An index contains more than an alphabetic list of subjects. The subjects may be further subdivided into more detailed subjects. But we should not consider that an subentry indented below a term is a subitem which is a subcategory. Indexers know that most indexes are "flippable", i.e. that the subentries very often are entries as well. For example, if an entry named "History" has a subentry "United States", this does not mean that "United States" is a subcategory of "History". It is quite likely that in the same index, there will be an entry "United States" having as one of its subentries "History". In other words, an index that presents itself as a hierarchical list of entries and subentries does not usually represent a semantic hierarchy.
Each index entry is followed by one, or several, page numbers that contain the text referring to the subject described by the entry. A page is an arbitrary division of a book that is produced by the printing process.
Index entries can be related to other index entries. Two types of references co-exist: "See" refer to other entries that are considered synonymous, and the target of a See link is usually the main index entry, displaying the page numbers. "See also" is a link to another entry that is related to the entry of origin, and both entries display different page numbers.
When we created the Topic Maps model, we had extensive discussions in the working group on how to interpret the information within an index. These discussions ended up splitting the working group into two projects.
One group considered an index purely from a typographical perspective: entries, subentries, page numbers and links. They described each of these components with a different value and created a schema for the elements of the index. This group ended up creating a model for technical documentation, called Docbook, which described each editorial element the way it appeared in a book.

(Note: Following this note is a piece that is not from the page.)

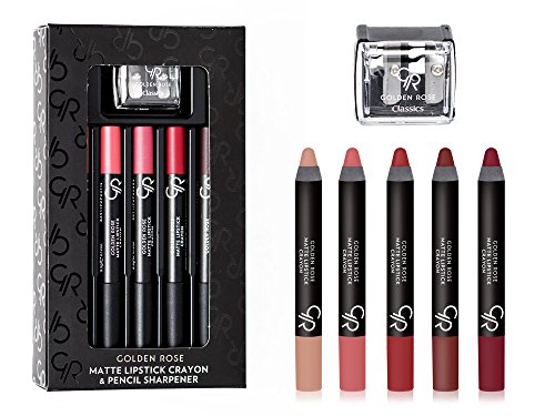 This set gives you all the colors you may need for a day or a night out! it consists of crayon 15 cameo, 13 sea pink, 09 roof terracotta red, 01 lusty red and 05 shiraz red. A jumbo sharpener is also included in the box for your convenience so you can look as fabulous as you already are anywhere, anytime! Golden rose matte lipstick crayons are high in pigment coloration, provide complete lip coverage and lasts - without smearing or fading! with added moisturizers and vitamin E to nourish and hydrate your lips, it will keep them smooth and soft. Our lipsticks are dermatologically tested, contain no parabens and no animal cruelty.Feature
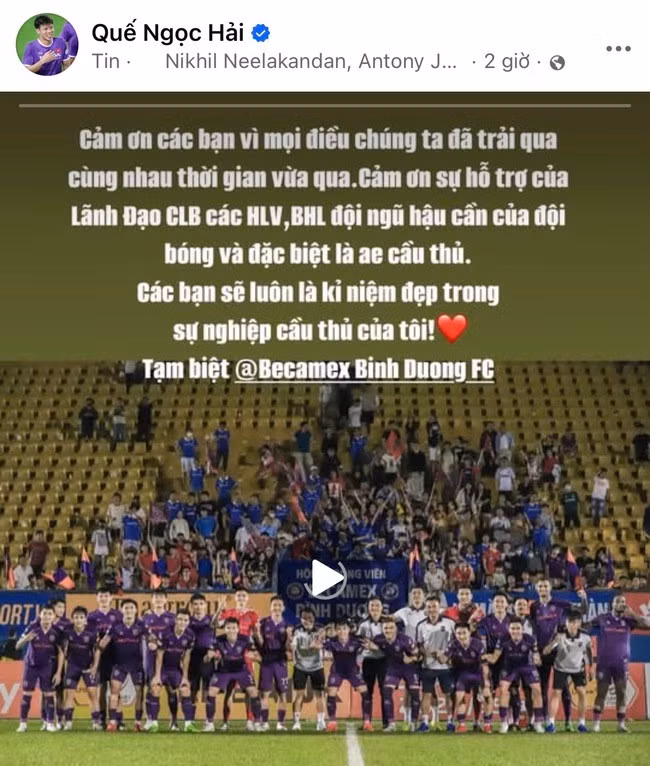Nội dung bài viết, “Hải Quế” gửi lời cảm ơn sâu sắc tới lãnh đạo CLB Bình Dương, ban huấn luyện, đội ngũ hậu cần và toàn thể đồng đội cùng những “kỷ niệm đẹp” của anh trong thời gian khoác áo đội bóng đất Thủ.

The other group focused on the conceptual meaning of an index and expanded its interpretation to include other classic navigational aids: tables of contents, glossaries, indexes, catalogs. The Topic Maps architecture defines a topic graph in which nodes are units of meaning. Each of these navigational aid is a filtered view in this topical space. The page numbers are links to document fragments, which could be defined in other ways than pages. They could be for example paragraphs, or sections. In the topic map model, this specific kind of link is called an "occurrence" of a topic, linking the topic node to all locations where its meaning appears. The "see" and "see also" relations in an index are seen as specific kinds of relationships between topics. The connection between an entry and a subentry can also be described as a relation between two distinct topics.